EXERCISE GOAL - Which lines run from the one containing "La iglesia de" through the end of the data? Write them out exactly, with the pictures left out.

COLLECTED DATA -
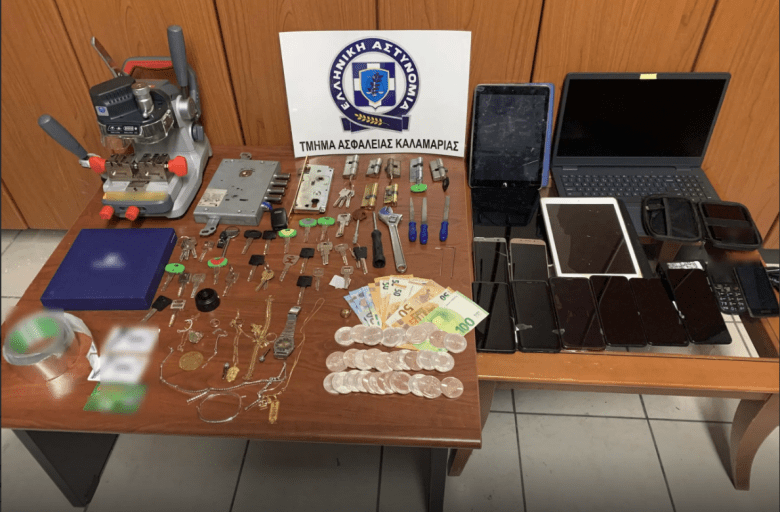 Παρουσία εκπροσώπου δικαστικής Αρχής, έγινε έρευνα στο διαμέρισμα που διέμενε ο 35χρονος άντρας, όπου βρέθηκαν και κατασχέθηκαν πλήθος κλειδιών θυρών διαφορετικών εταιρειών, μηχάνημα κοπής-διαμόρφωσης κλειδιών, αντικείμενα που διευκολύνουν τη διάρρηξη οικιών με αντικλείδι και κινητά τηλέφωνα που χρησιμοποιούσε στο πλαίσιο της εγκληματικής του δράσης.
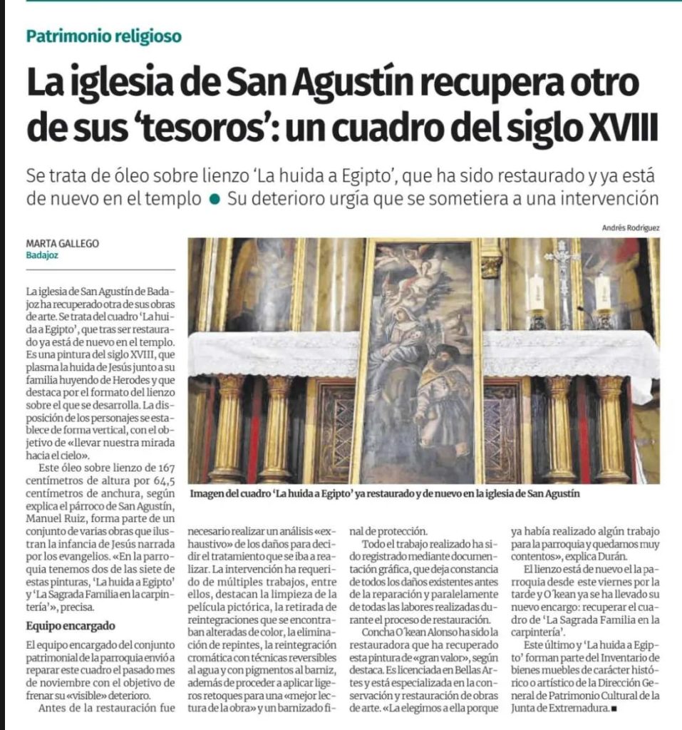 La iglesia de San Agustín recupera otro de sus ‘tesoros’: el cuadro ‘La huida a Egipto’ del siglo XVIII.
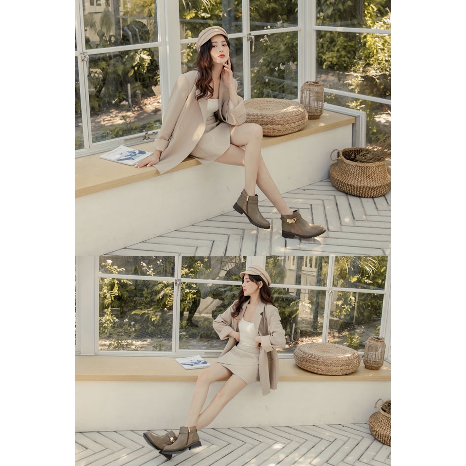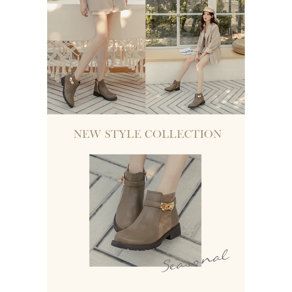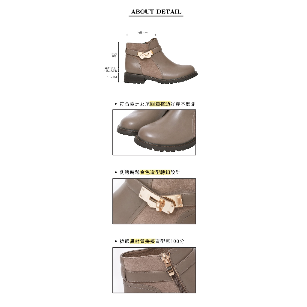 Ann’S簡練感-淺金轉扣拼接平底短靴-咖啡
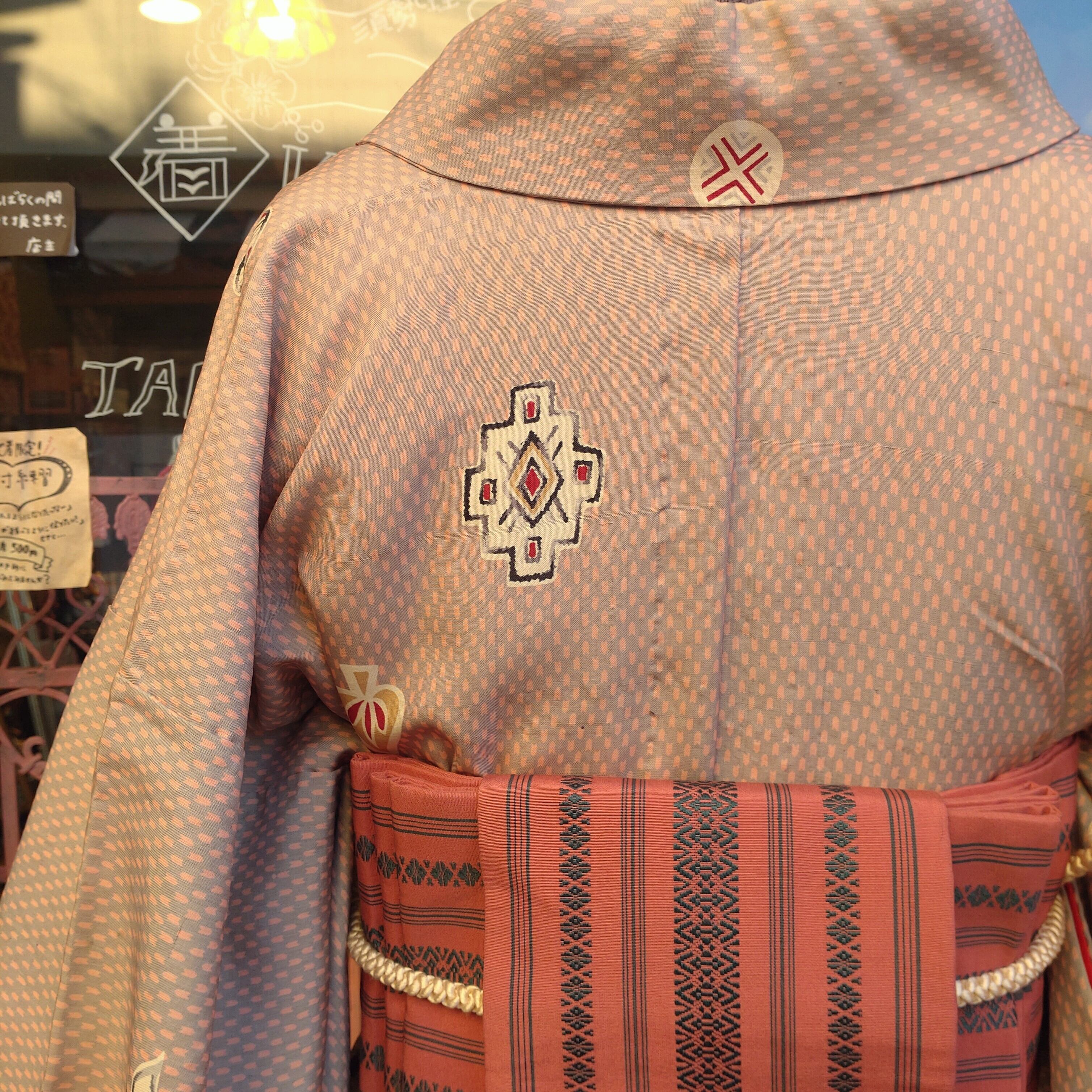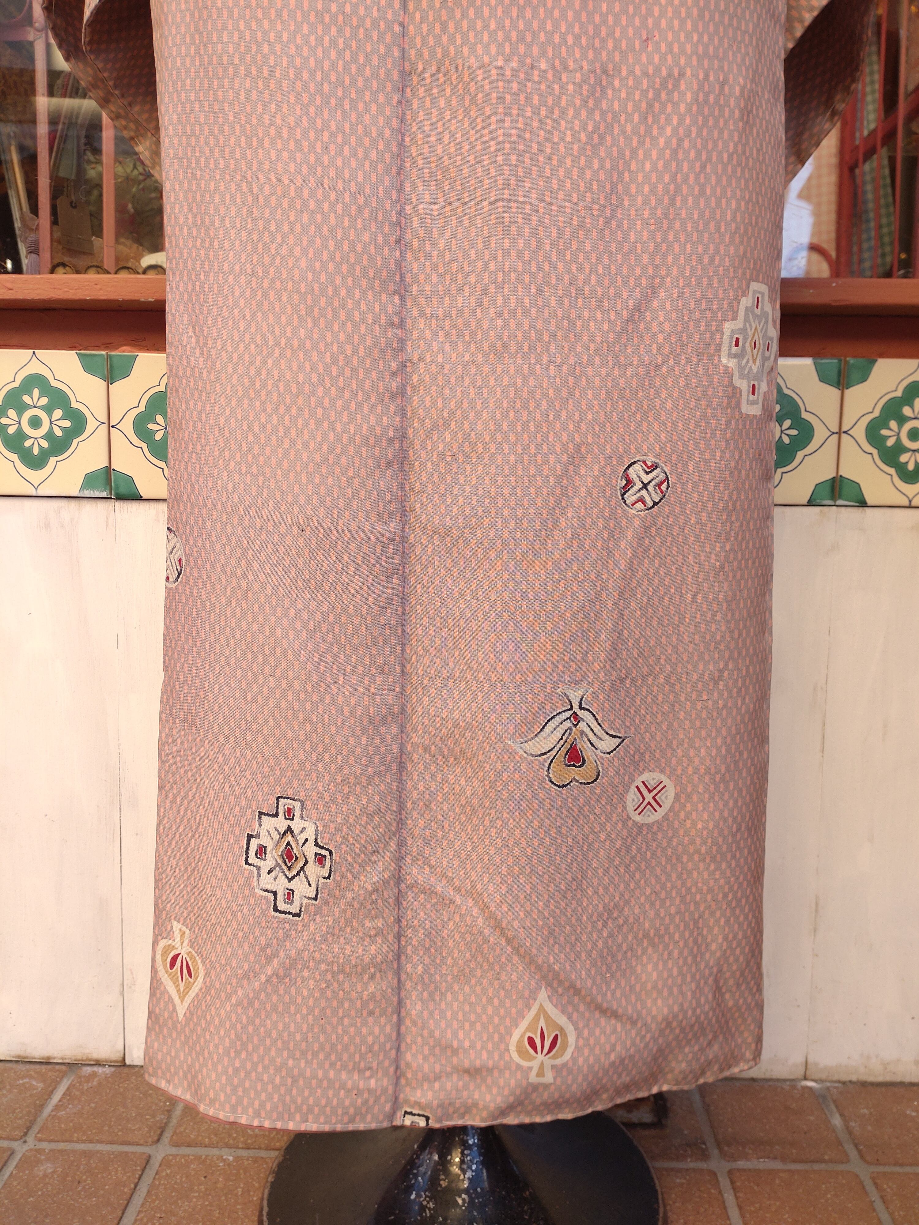 よく見るとグレーにピンクの小さな矢羽柄。ハートやなんとも言えない十字の柄がランダムに配置されています。

RESULT BELOW -
 La iglesia de San Agustín recupera otro de sus ‘tesoros’: el cuadro ‘La huida a Egipto’ del siglo XVIII.
 Ann’S簡練感-淺金轉扣拼接平底短靴-咖啡
 よく見るとグレーにピンクの小さな矢羽柄。ハートやなんとも言えない十字の柄がランダムに配置されています。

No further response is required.